J Oral Med Oral Surg 2022;28:46

Case Report

Diagnosis, treatment and recurrence of a mandibular Langerhans cell histiocytosis: a three-year follow-up case report

Marion Morcel¹^*, Pierre Keribin², Léonie Quenel³, Hélios Bertin⁴, Antoine Neel⁵ and Philippe Lesclous⁶

¹ Nantes Dental School, Nantes University Hospital, Nantes, France
² Private Practice, Angers, France
³ Department of Oral and Maxillofacial Surgery, Saint-Nazaire, France
⁴ Department of Oral and Maxillofacial Surgery, Nantes University Hospital, Nantes, France
⁵ Department of Internal Medicine, Nantes University, Nantes University Hospital, Nantes, France
⁶ Department of Oral Surgery, Nantes University, Nantes University Hospital, INSERM UMR-S 1229, RMeS, Nantes, France

^* Correspondence: marion.morcel@gmail.com

Received: 19 June 2022
Accepted: 11 September 2022

Abstract

Introduction: Langerhans cell histiocytosis (LCH) is an abnormal clonal proliferation of Langerhans cells secondary to immune process, mutation of oncogene or genetic predispositions. It preferentially affects bone, lung and skin. The incidence is 2–6 cases per million per year. Prognosis is variable and depends on number and location of lesions, and impact of the initial treatment. Oral lesions may be the first sign of LCH as illustrated by the present case. Observation: A 24-year-old male consulted first for severe gingival inflammation, teeth mobilities and alveolar bone loss with a suspicion of LCH. A pulmonary involvement was secondarily revealed by tomodensitometry. Histological examination, from gingival biopsy, confirmed the diagnostic of LCH, showing cells positive for the anti-CD1A antibody. The patient was managed by oral surgery and chemotherapy approaches. Alveolar bone loss significantly reduced. But 2 years and a half after the diagnosis, a recurrence was noted and managed by surgical approach. After a three-year follow-up, no recurrence was noted. Conclusion: Oral lesions can be inaugural manifestations of LCH. The dentist has an essential role in the early detection of these lesions.

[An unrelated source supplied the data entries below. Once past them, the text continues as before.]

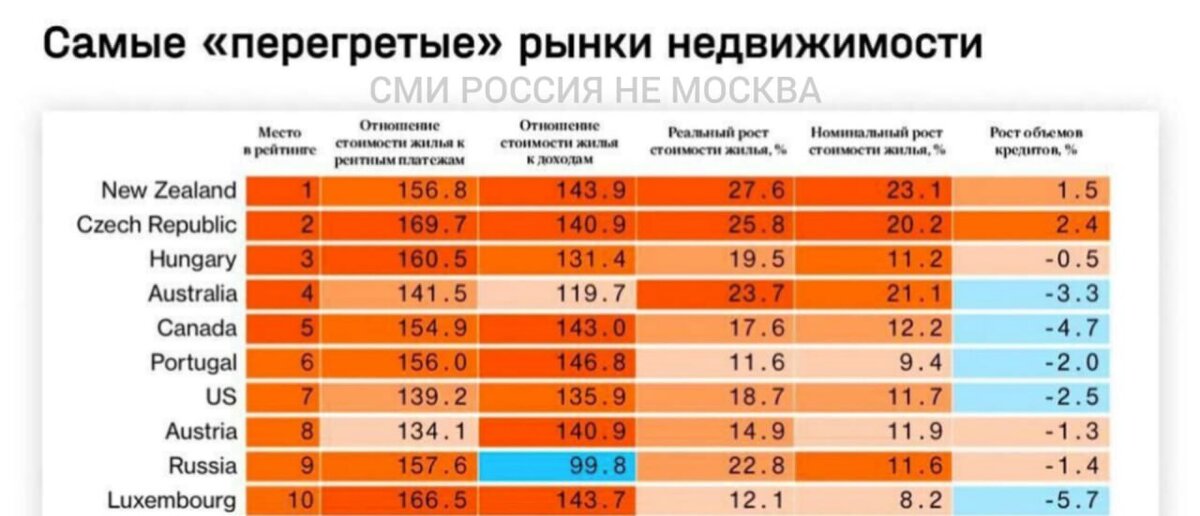 🤬Россия вошла в топ-10 стран мира с самым перегретым рынком недвижимости и в первую четвёрку по реальному росту цены за квадратный метр — Bloomberg. Печальное лидерство.
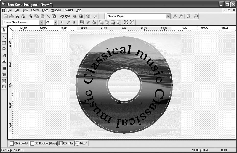 5. Добавьте рисунок на диск, нажав кнопку Image Tool (Изображение) и выбрав нужный файл. Окончательный вариант наклейки для диска может выглядеть так, как показано на рис. 9.11.
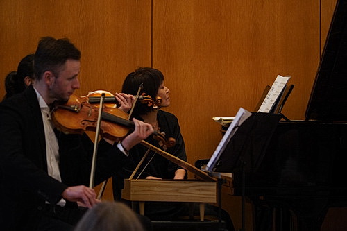Die beiden Sätze aus dem Konzert für Klavier in Es-Dur von Ludwig van Beethoven, der dritte Komponist der von Hoffmann meist­be­wun­derten, werden im Arran­gement für Flügel und Streich­quintett vorge­tragen. Das kann man ohne Weiteres machen, wenn man schon den nächsten Joker im Ärmel hat. Zuvor sorgt Bratschist Georg Sarkissjan noch für ein Schmunzeln, als er Möller am Flügel ein weiteres Toy Piano bereit­stellt. Den Blumen­walzer aus Peter Iljitsch Tschai­kowskys Nussknacker spielen Fujieda und Möller elegant an zwei Toy-Piano-Flügeln. Selbst­ver­ständlich darf auch Musik aus Hoffmanns Erzäh­lungen von Jacques Offenbach nicht fehlen, um das Gesamtbild abzurunden. Ja, und jetzt wird dem Publikum gedient. Denn was anderes als die Barcarole käme in Frage? Auch wenn das Arran­gement ein wenig unrund klingt: Die schwel­ge­ri­schen Phrasen erklingen – und was will man mehr?
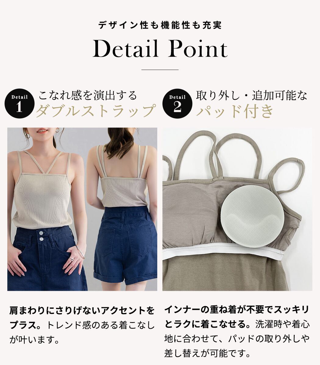 【メール便】「レイヤードコーデに」キャミソール パッド付き 入れ替え可 トップス レディース/tops2238
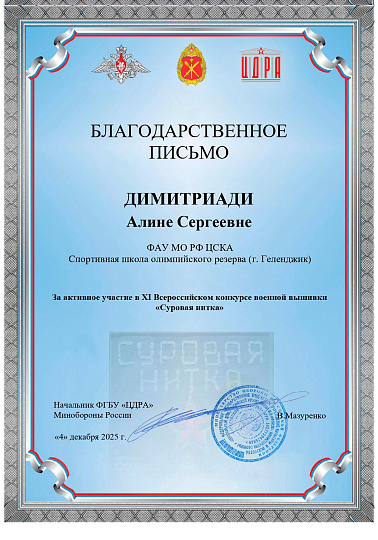 За активное участие в конкурсе Алина Димитриади получили благодарственное письмо за подписью начальника Центрального дома Российской Армии им. М.В. Фрунзе МО РФ Василия Мазуренко. Именно ЦДРА является организатором конкурса.
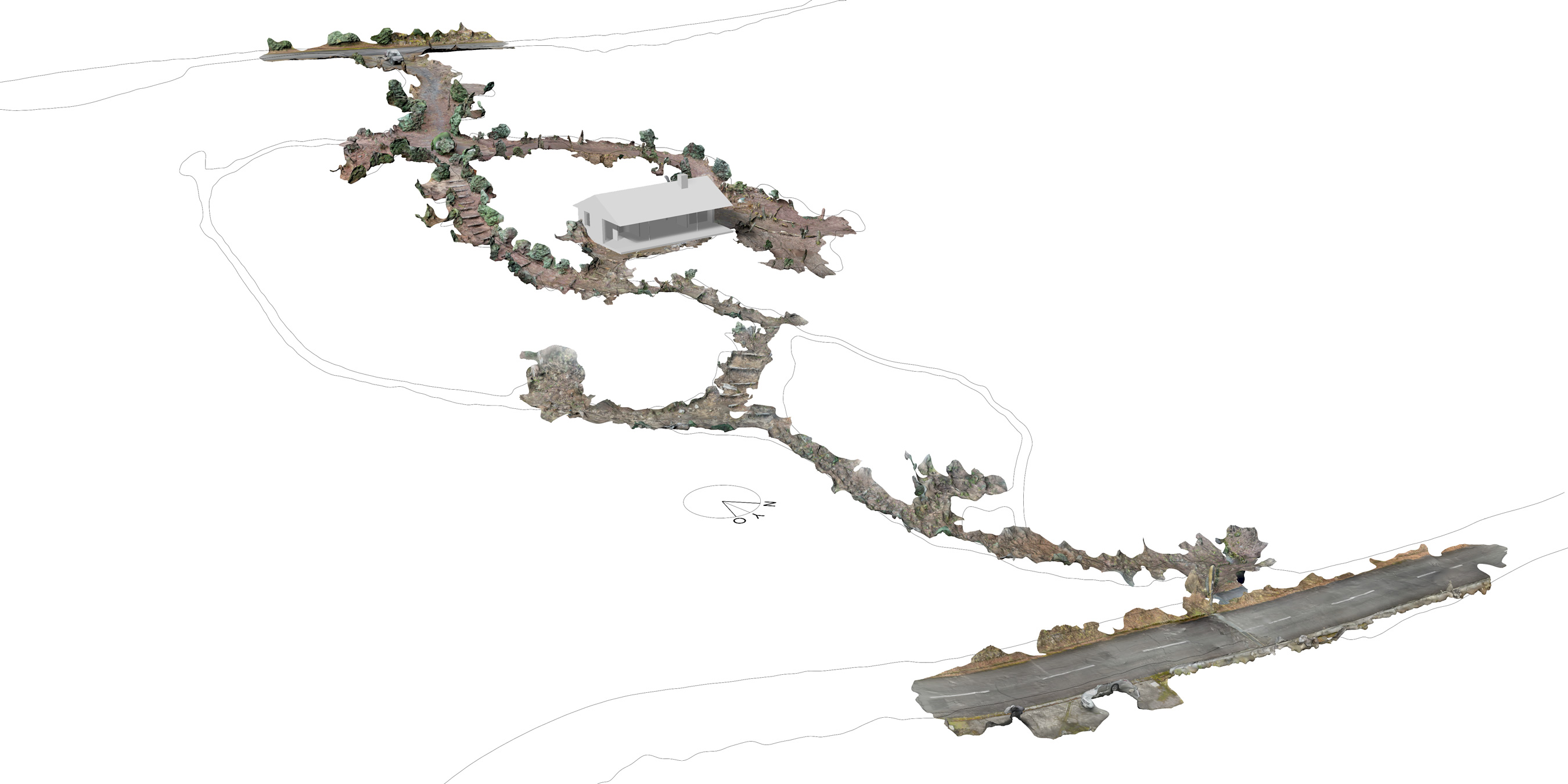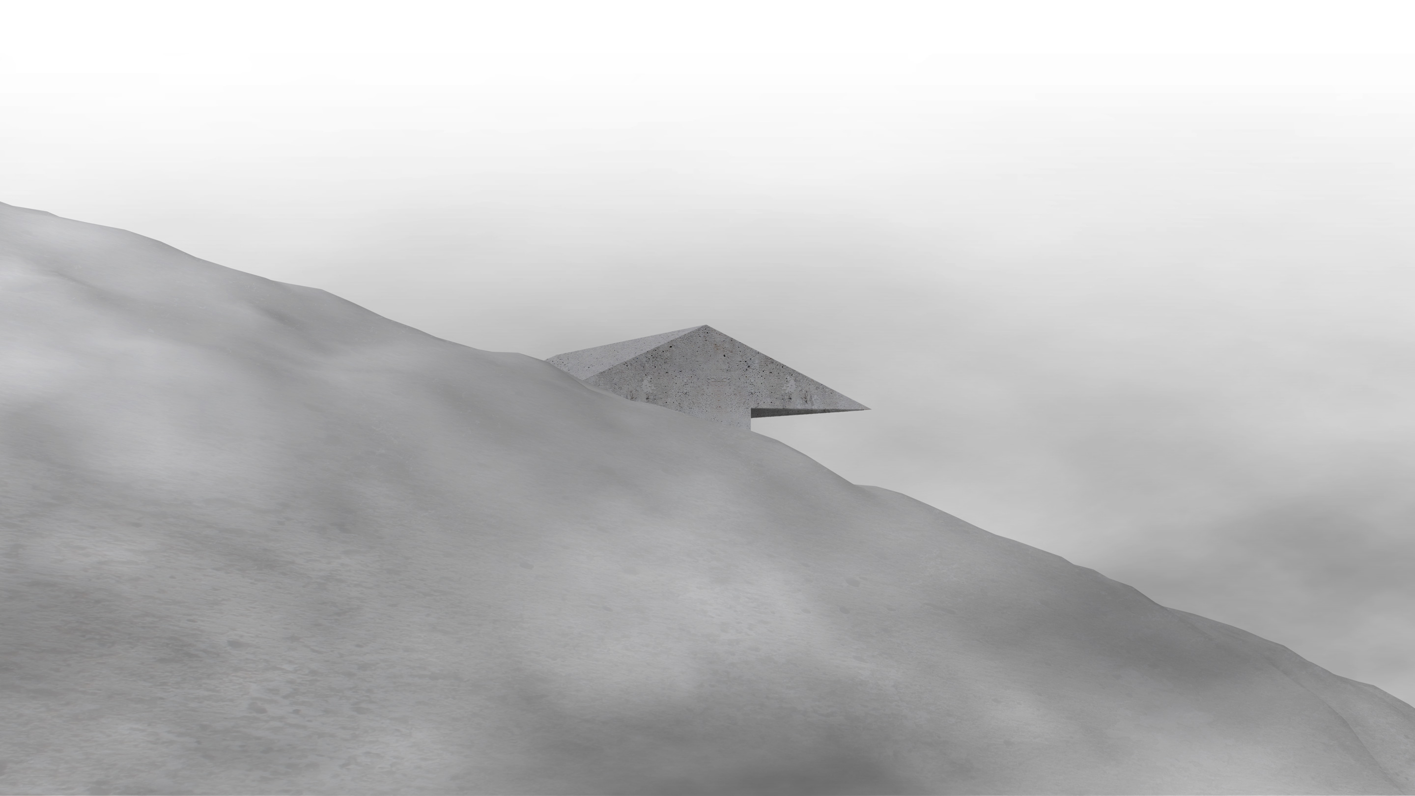 제안된 해법은 ‘바위-지붕 하이브리드’이다. 거대한 바위를 파내고 그 위를 정교하게 지붕 형태로 다듬은 듯한 건축은 동시에 개방적이면서도 견고하다. 지붕의 형태는 법규가 규정한 박공지붕 조건과 대지의 경사를 따르며, 건축을 산의 일부처럼 보이게 하면서도 또렷이 드러나게 한다.

Key words: histiocytosis / langerhans cells / mandible

© The authors, 2022

This is an Open Access article distributed under the terms of the Creative Commons Attribution License (https://creativecommons.org/licenses/by/4.0), which permits unrestricted use, distribution, and reproduction in any medium, provided the original work is properly cited.

Introduction

Langerhans cell histiocytosis (LCH) is a rare disease with an incidence of 2–6 cases per million per year [1,2]. LCH is defined as a proliferation of cells with similar phenotype as Langerhans cells. Langerhans cells are macrophagic cells normally present in squamous and pulmonary epithelia [3]. The pathogenesis of the LCH remains debatable [4].

LCH may develop in various tissues such as bone, lung, liver, skin or endocrine systems, lymph nodes, nervous and digestive systems [5]. Bone involvement is discernible in half of the LCH patients, mandibular in particular [2]. In these patients, LCH leads to osteolytic lesions revealed by pain, swelling and dental mobilities [6].

In the case reported, oral lesions were the first manifestation of LCH and a three-year follow-up was documented including a recurrence episode.

Observation

A 24-year-old man was referred to the Oral Surgery department for mandibular dental mobilities, mandibular pain and halitosis for a few weeks.

He had no personal and family medical history and did not take any medications. He smokes about 15 cigarettes per day for about 5 years.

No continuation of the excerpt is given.